My family owns the surface and minerals:
104.39 acres, more or less,
East part of the North Middle part,
Section 3, Byron Johnson Survey,
Reeves County, Texas (Toyah),
5/6 undivided interests.
I have inherited the administration responsibility. We have had leases in the past and hope to have more go forward. Are you familiar with our location and can you me tell about activities in the area, and companies who might want to lease from us? Thank you for your generosity in sharing information. Susan Boykin Map.pdf (1.4 MB)
Plat - blocks.pdf (800.2 KB)
Susan…yes ma’am, Apache is all over that area and is not only drilling but building pipelines and cryo plants in that
area. Your land is north of the retaining wall on the north
side of Toyah and east of county road 221/222. There’s a 6 inch produced brine water line from a Concho Oil & Gas lease northwest of you that either comes across your land or very near it going to the Toyah East Saltwater Disposal well on east 2nd street. I know a landman who would like to buy
your land for the surface and if you have minerals he would
make you an offer on those as well. Otherwise I would hit up Apache, COG, Chevron, and Diamondback about a lease. There should be some more gas gathering lines
crossing there going to the Eagleclaw recompressor/NGL plants east of Toyah. I think there were 5 pipelines going
there the last time I drove up there and looked around.
Lawrence gave you some great detail on chokes and control of production. You also asked if companies ever play around with what is shown on their completion reports.
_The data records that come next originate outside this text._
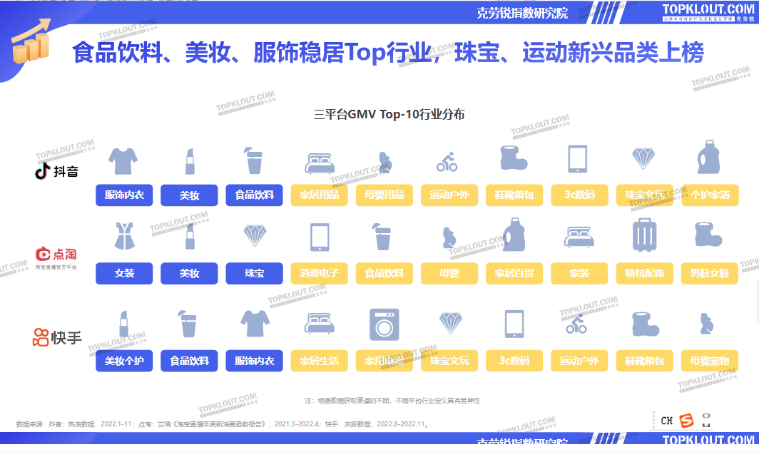 (抖音2022年1-11月GMV分品类排行 图源:克劳锐指数研究院)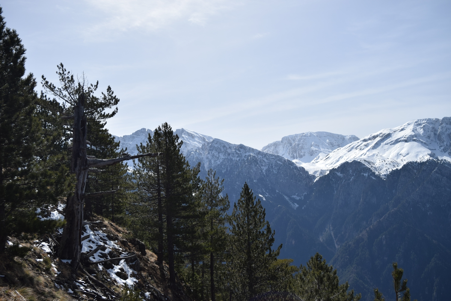 Η διαδρομή μας ξεκινάει από το εκκλησάκι της Αγίας Βαρβάρας στην Κόνιτσα και κινείται σε καλοσηματοδοτημένο μονοπάτι το οποίο ακολουθεί απότομη και ανηφορική κόψη η οποία προσφέρει απρόσκοπτη θέα στον ορεινό όγκο της Τύμφης όπου διακρίνονται ο Λάπατος, η Αστράκα και η επιβλητική Γκαμήλα. Η υψομετρική διαφορά που καλούμαστε να καλύψουμε είναι 1.000 μέτρα περίπου κάτι το οποίο μας πήρε περίπου 3 κοπιαστικές ώρες με μόνη παρηγοριά την ανεπανάληπτη θέα. Φτάνοντας στην κορυφή Αημηνάδια κάνουμε μια μεγάλη στάση τόσο για να ξεκουραστούμε από τη συνεχή ανηφόρα όσο και για να απολαύσουμε την θέα στην Τύμφη.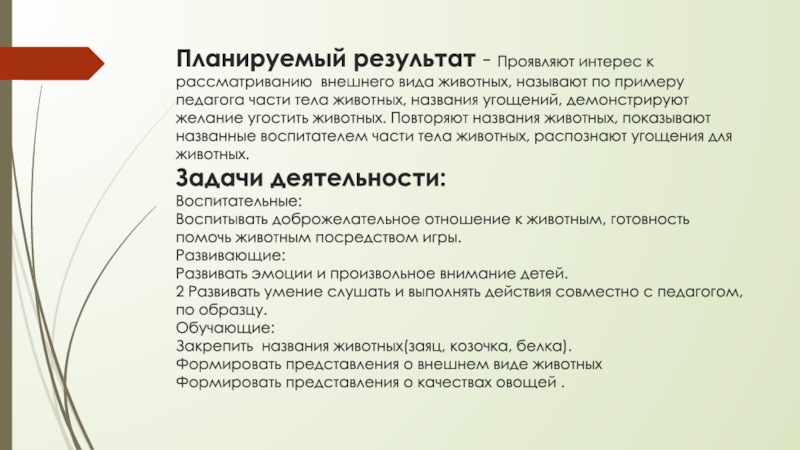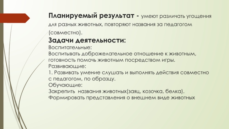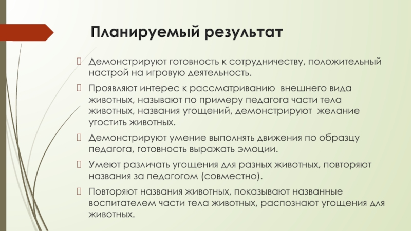 Слайд 18Планируемый результат - умеют различать угощения для разных животных, повторяют названия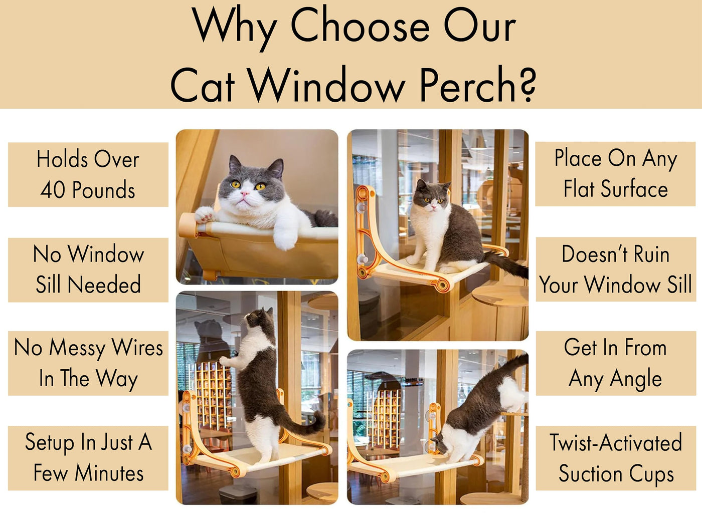The Cat Window Hammock Has Been Included As One Of The Best Cat Accessories For Indoor Cats For The Past Few Years! The Cat Window Perch Is Linked To Better Health For Your Cat Because They Get Better Sleep During The Day, Can Remain Active Watching Outside Activities During Indoor Lounging Hours, And Lets Them Experience The Outdoor World Even If They Are Primarily Indoors! Because Of All Of These Factors, Your Cat Will Be Happier Than Ever! Our Cat Window Shelf Is Proven To Provide All Of These Benefits For Your Cat! With Our Sleek Design, There Are No Wires Blocking Your Cat, So They Are Able To Jump In At Any Angle And Stretch Out As Far As They Want! This Window Perch For Cats Is Incredibly Easy To Setup And Can Be Placed In Just A Few Short Minutes! You'Ll Also Be Able To Close Your Curtains Or Blinds With No Problem! Our Mat Is Also Easy To Remove And Machine Washable! Did We Mention That You Can Put This Cat Window Shelf Anywhere? Don'T Have A Good Window? No Problem! This Cat Window Hammock Can Be Placed On Any Flat Surface! This Means That You Won'T Damage Your Window Sill! Want Your Cat To Have Their Own Bed Next To Yours? Attach The Cat Hammock To Your Bed Frame! Have A Home Office And Want Your Cat To Join You? Stick The Hammock To The Office Door! Turn Your Cat Window Hammock Into A Cat Wall Hammock! No Matter What Size Cat You Have, This Cat Window Perch Is For You! Our Cat Window Shelf Can Hold Over 35 Pounds! We Have Upgraded The Hammock Above Our Competitors By Included Supports That Have Been Measured And Tested To The Highest Efficiency! We Also Have New Twist-Technology Suction Cups That Pull The Air Our Between The Suction Cup And Surface, Creating A Vacuum That Will Hold Any Cat! Digital Wardogs Is Also Committed To Your Happiness! If You Have A Problem, Please Reach Out To Us And We Will Help You To The Best Of Our Abilities! No Matter What Happens, Our Customers Our The First Priority! Each Product Also Comes With A Lifetime Warranty!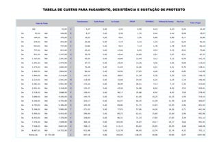 1) A tabela apresenta as taxas cobradas para pagamento, desistência e sustação de protesto de títulos no Brasil.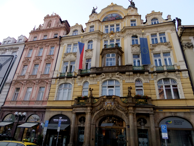 視線再由此逆時針轉,有醒目的一黃一粉紅建築。黃底那座本為防災保險公司,故最頂還可見金漆鋼盔與消防員雕像。或許這家公司資金雄厚,壁面除了刻著繁複飾帶,大門及窗臺也瑰麗地以新藝術風格金鐵盤繞。隔壁粉色那棟相較之下便稍微遜色,但這間金榔頭旅館(Hotel Goldhammer)早年可曾是卡夫卡父親經營的商店。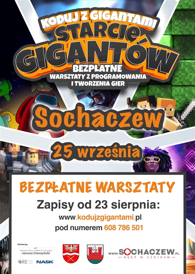 Zapraszamy na bezpłatne warsztaty programowania dla dzieci i młodzieży pt. "Koduj z Gigantami" organizowane pod patronatem Starosty Powiatu Sochaczewskiego oraz Burmistrza Miasta Sochaczewa. Czekamy na dziec...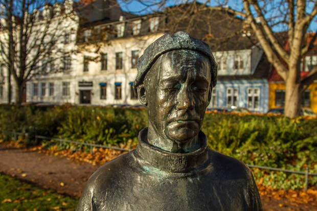 На набережной можно увидеть фигуру человека в берете, который стоит, спрятав руки в карманы, и плачет. Если вы подойдете ближе к фигуре, то увидите, что по его щекам текут настоящие слезы. Эта скульптура-фонтан была создана по эскизам художника и режиссера Мари-Луизы Экман (Marie-Louise Ekman) и называется Det Svenska Tungsinnet. Моделью для скульптуры стал шведский актер Йеста Экман (Gösta Ekman), муж Марии-Луизы.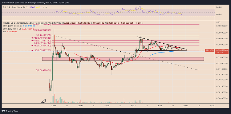 Tron 代币现在着眼于跌破其支撑长期支撑汇合点,包括其 200 周指数移动平均线(200 周 EMA;蓝色波浪)接近 0.052 美元和 0.236 斐波那契线接近 0.055 美元。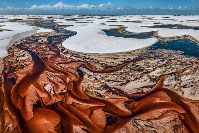 Привет, мои дорогие любители необычной природы Земли. Сегодня в нашем выпуске место настолько прекрасное, что кажется рукотворной картиной гениального художника, то ли абстракциониста, то ли сюрреалиста. Находится этот неземной пейзаж в солнечной Бразилии, на берегу Атлантического океана и создан он не рукой живописца и двумя реками – Парнаибой и Прегисасом, выносящими песок к берегу океана. Песок образует обширные дюны, достигающие высоты сорока метров. Длина береговой линии составляет около семидесяти километров, а общая площадь, которую занимает это чудо природы, превышает полторы тысячи квадратных километров. Внешне это место похоже на пустыню, так как песок постоянно перемещается, и растения не закрепляются на нём. Если бы не одно обстоятельство. В этом месте выпадают обильные осадки. Именно они образуют среди дюн очаровательные лагуны и озёра. Но как? Ведь вода должна была просочиться сквозь песок. Должна. Но ей мешает монолитное основание, сложенное из вулканических пород. Это м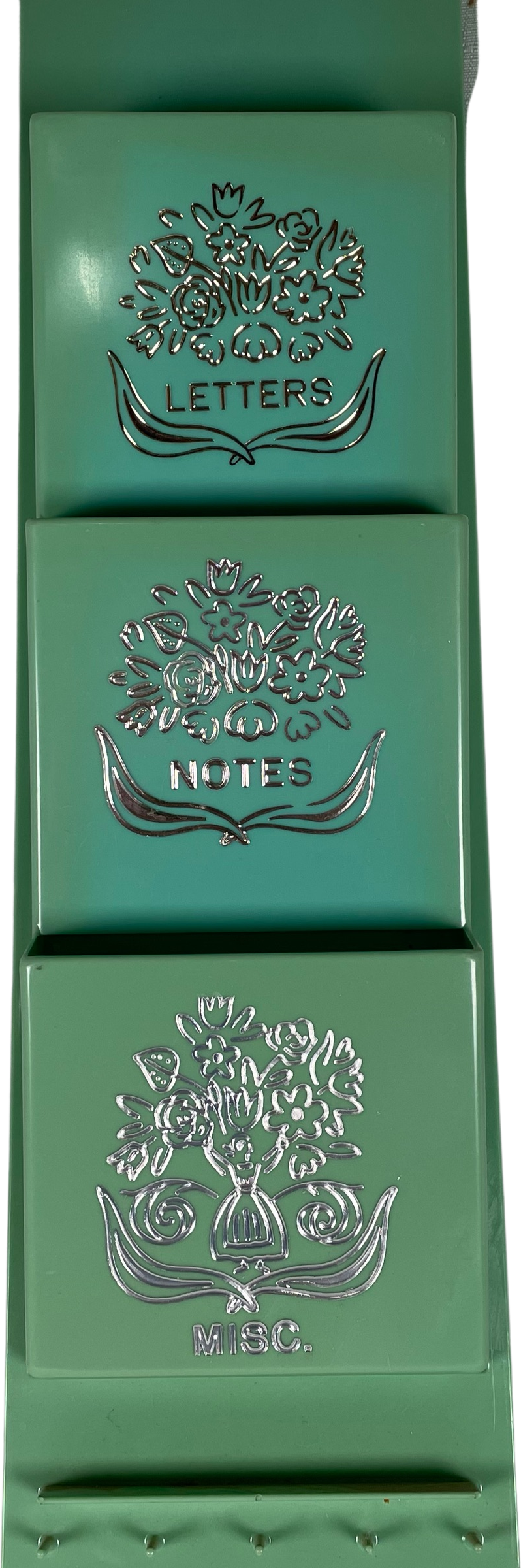 This Vintage Green Mail and Notes Plastic Wall Organizer is the perfect addition to any home that needs some help staying organized. Three slots for paper items and small pegs for keys. Some slight discoloration as seen in photos (more noticeable under bright lighting) Measures 19 inches long. 6.5 inches wide. Pockets are about 5 inches on deep.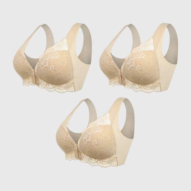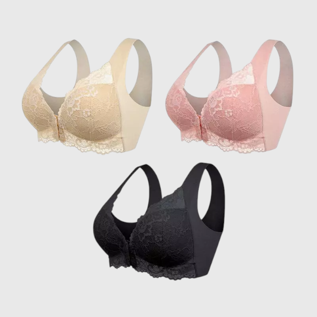 שלבי בין אלגנטיות לנוחות עם חזייה מעוצבת בתחרה יפיפייה. הסגירה הקדמית הפשוטה והגזרה המחמיאה מעניקות שילוב מושלם של תמיכה ורוך.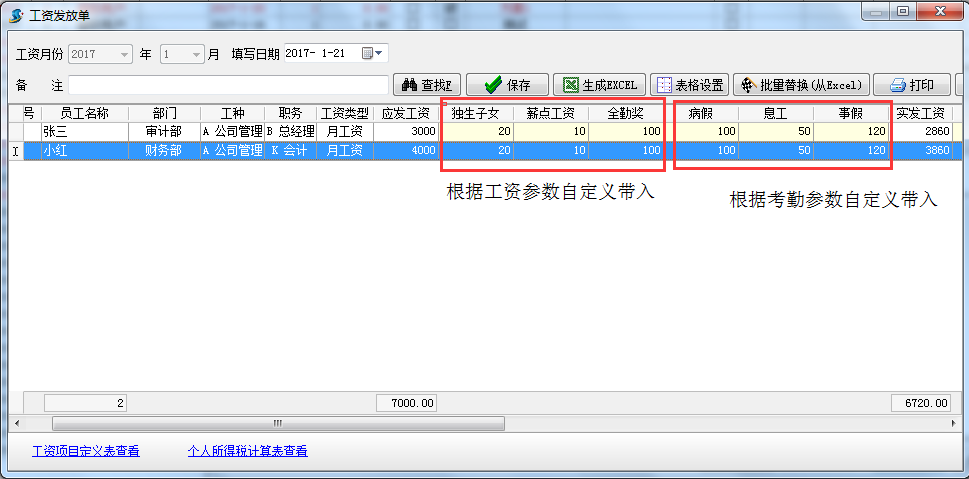 在工資表中我們已經做了工資參數,但往往因一些公司工資計算方式比較特殊導致不夠用,現增加了工資自定義功能用法如下
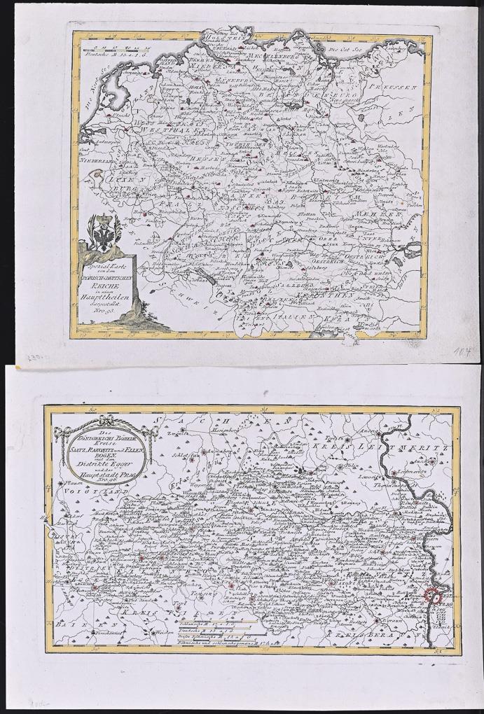 Historische Landkarte des Heiligen Römischen Reiches, Titelkartusche mit Wappen "Spezial-Karte von dem römisch=deutschen Reiche in seinen Haupttheilen dargestellet. Nro. 93", Blatt: 28,5 x 37 cm und Landkarte des Gebiets zwischen Eger und Prag im Königreich Böhmen, Titelkartusche "Des Königreichs Böheim Kreise Saatz, Rakonitz und Ellenbogen mit dem Distrikte Egger und der Hauptstadt Prag, Nro. 96"; aus "Schauplatz der fünf Theile der Welt", 1789 - 1806. Je griffspurig.
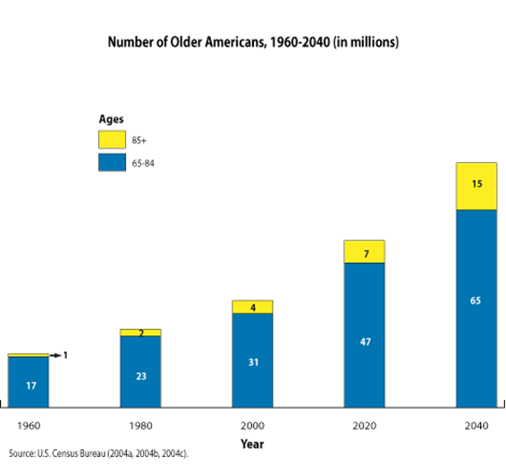 Even beyond the Boomer generation, the U.S. population at large is aging, as lifespans grow and families have fewer children. Studies have projected that between 2000 and 2040, the American population age 65+ will double to 80 million, representing 1 out of every 5 people in the U.S. Those ages 85 and older are projected to quadruple in the same time period.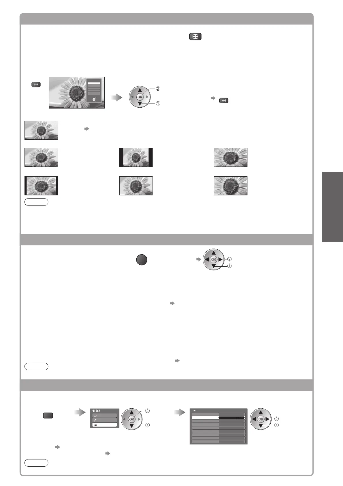 Aspect mode can be memorized separately for SD (Standard definition) and HD (High definition) signals.●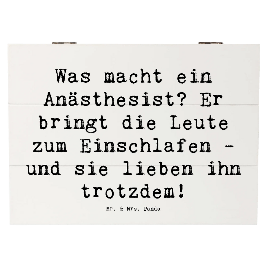 Finde deine persönliche Schatzkiste mit dem Motiv "Anästhesist" und freue dich über ein praktisches und gleichzeitig schönes Geschenk. Entdecke die kreative Berufe Kollektion von Mr. & Mrs. Panda und finde weitere wundervolle Produkte, die mit viel Liebe gestaltet wurden.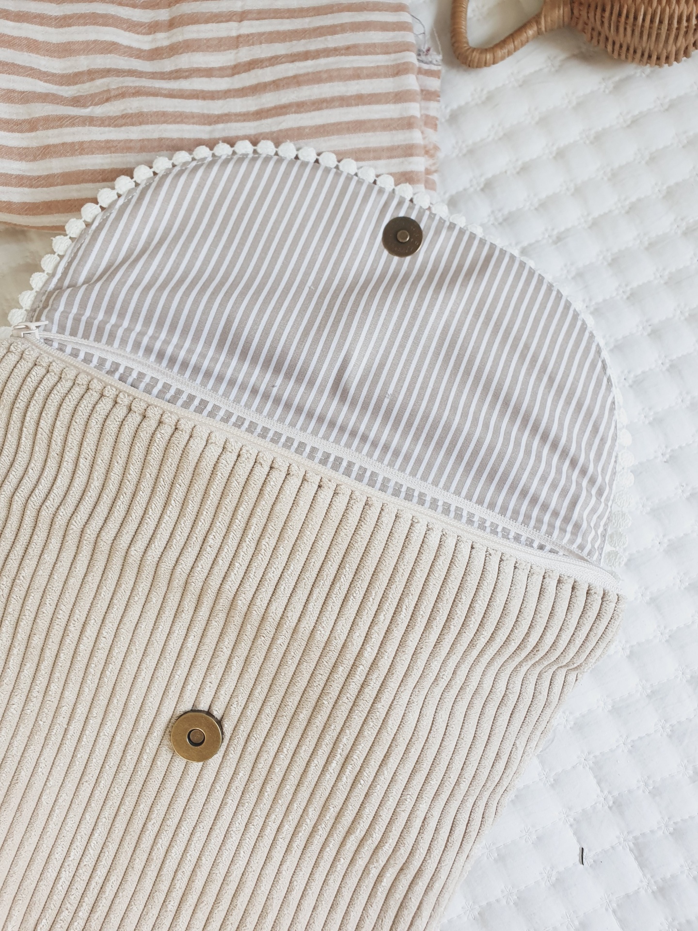 • Saco de bebé canelado bege com interior riscado e fecho metálico

For quite a few operators I’d say the answer is yes.
Some may maximize those initial numbers to make a strong impression in their next quarterly earnings report or analyst conference call, while others may delay filing anything (which RRC seems lax in enforcing) or purposely keep their initial test numbers way below a new well’s maximum, or even reasonable, potential rate if they are still gathering leases in an area. It probably doesn’t apply to all of them but I think the way those initial numbers are handled can vary between companies, different producing areas or stages of development in a given field.
In any case the initial 30 or 90 production volumes are probably a more reliable indicator of a wells ultimate potential than whatever is shown in that 24 hour completion report.
When you get to the point that you are thinking about lease wording, I can share that I have worked with Wade Caldwell out of San Antonio and been very satisfied. He is an experienced Oil and Gas Attorney who is quite knowledgeable of what is happening in Reeves and posts on this website quite often.
If Noble did that, I’m afraid it didn’t help them much! Its last quarterly report was bad and the company is laying off the Permian until more pipelines come online in the next year to 18 months. (Noble is our lessee.)
Thank you for the additional info. Had a gut feeling that those numbers would be played with sometimes.
I owe you an apology. I assumed you were a man and the M
stood for Mike or something. Clint advises me your name is Martha and you are a lady petroleum geologist…I’m impressed. More power to you on this forum!